> **SOURCE MATERIAL**
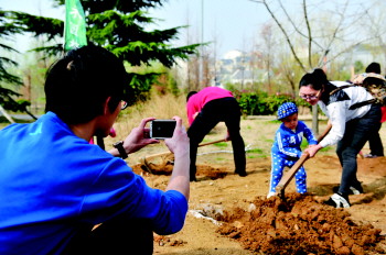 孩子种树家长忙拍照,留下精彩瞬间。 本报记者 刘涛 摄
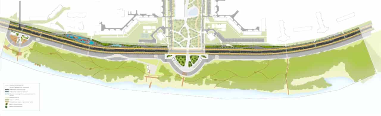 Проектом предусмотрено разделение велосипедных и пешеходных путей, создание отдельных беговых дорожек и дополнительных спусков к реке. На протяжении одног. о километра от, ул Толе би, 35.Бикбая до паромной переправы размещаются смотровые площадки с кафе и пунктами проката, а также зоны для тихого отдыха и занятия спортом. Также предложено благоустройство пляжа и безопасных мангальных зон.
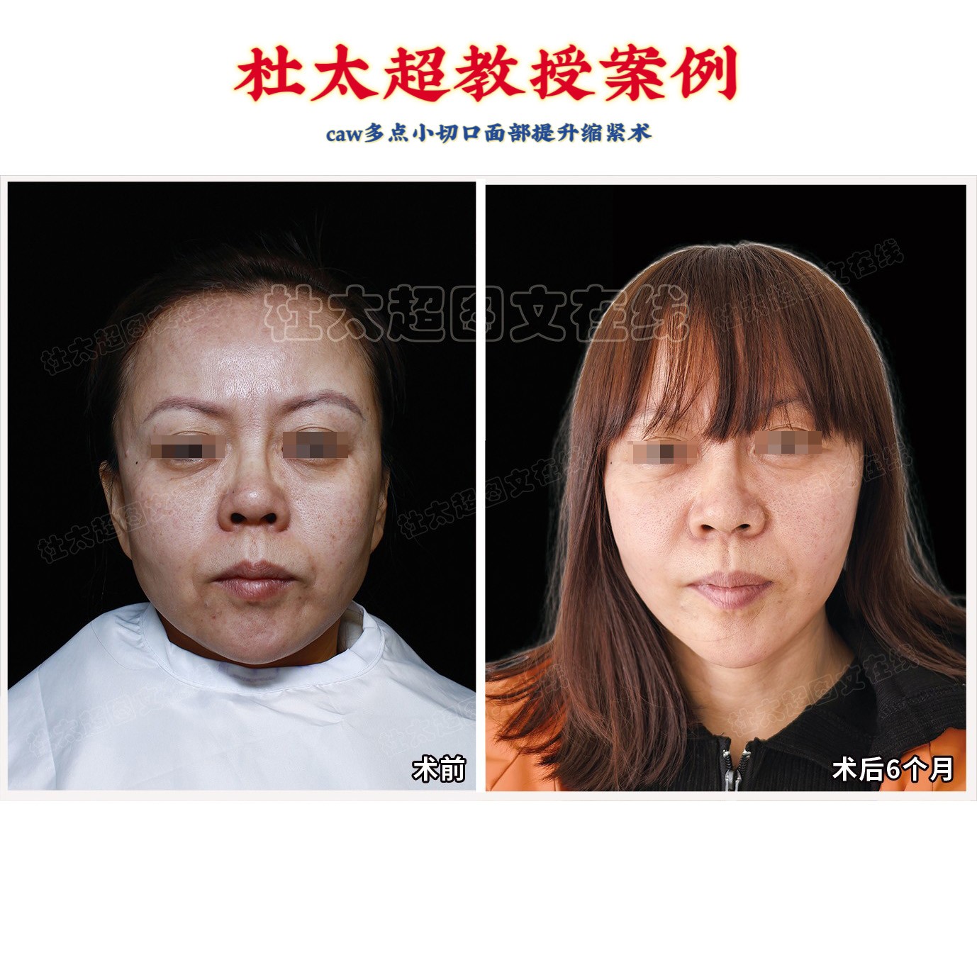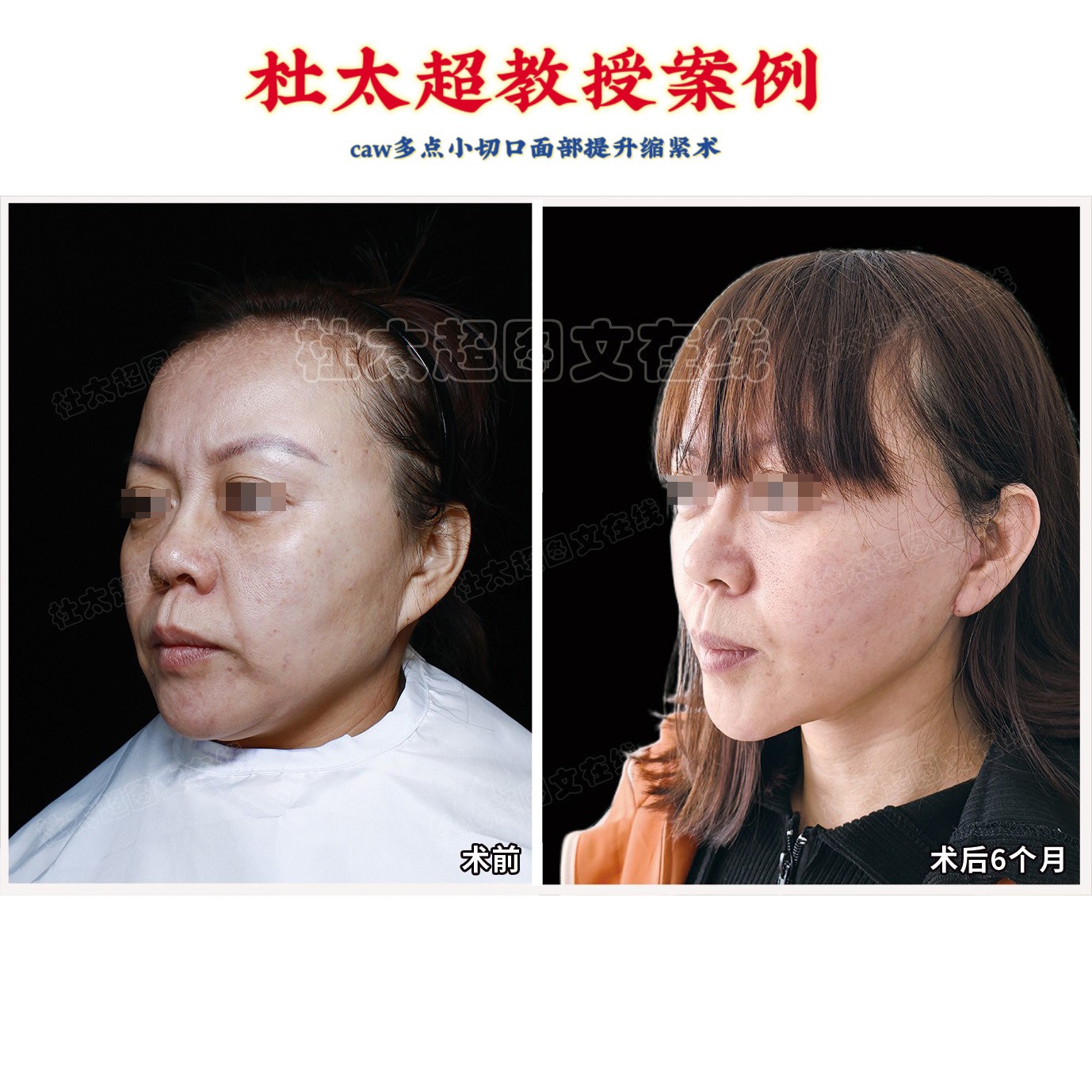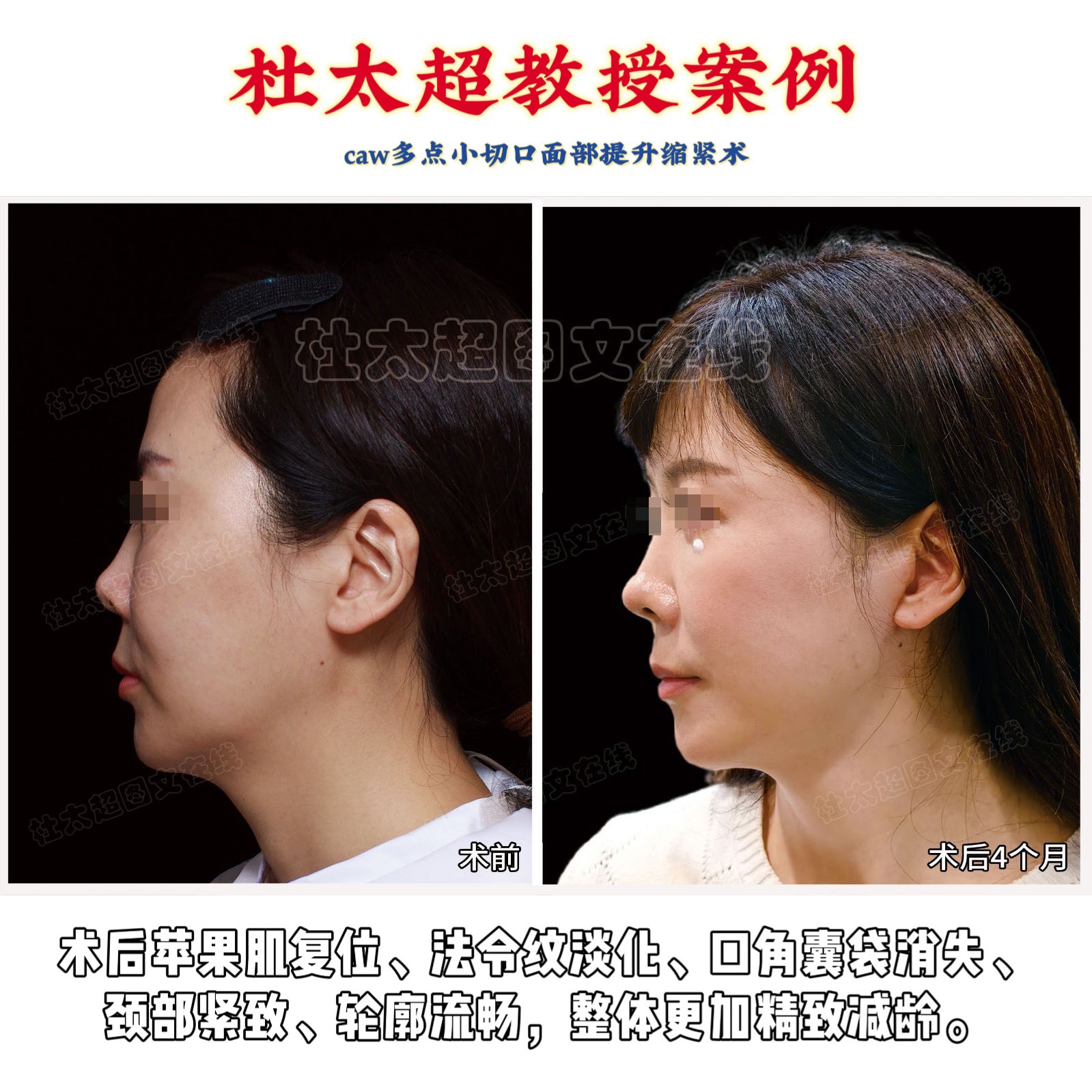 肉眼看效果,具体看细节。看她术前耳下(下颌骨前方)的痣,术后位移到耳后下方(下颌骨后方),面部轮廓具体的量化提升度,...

---

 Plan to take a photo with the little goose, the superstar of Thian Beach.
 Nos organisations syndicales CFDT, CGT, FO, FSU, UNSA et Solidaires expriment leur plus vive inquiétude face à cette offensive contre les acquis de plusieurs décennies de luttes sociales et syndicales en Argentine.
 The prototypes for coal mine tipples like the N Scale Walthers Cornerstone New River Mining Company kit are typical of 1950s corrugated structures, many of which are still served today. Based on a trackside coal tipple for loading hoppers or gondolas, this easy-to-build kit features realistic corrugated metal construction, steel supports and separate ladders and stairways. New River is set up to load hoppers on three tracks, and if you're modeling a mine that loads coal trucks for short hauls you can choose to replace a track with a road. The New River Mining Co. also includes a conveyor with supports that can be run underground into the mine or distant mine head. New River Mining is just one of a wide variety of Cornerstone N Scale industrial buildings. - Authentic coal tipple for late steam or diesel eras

> **WHAT IS REQUIRED**
Tally the lines in the records above that contain the string "with" and report only the tally.

> **RESPONSE**
2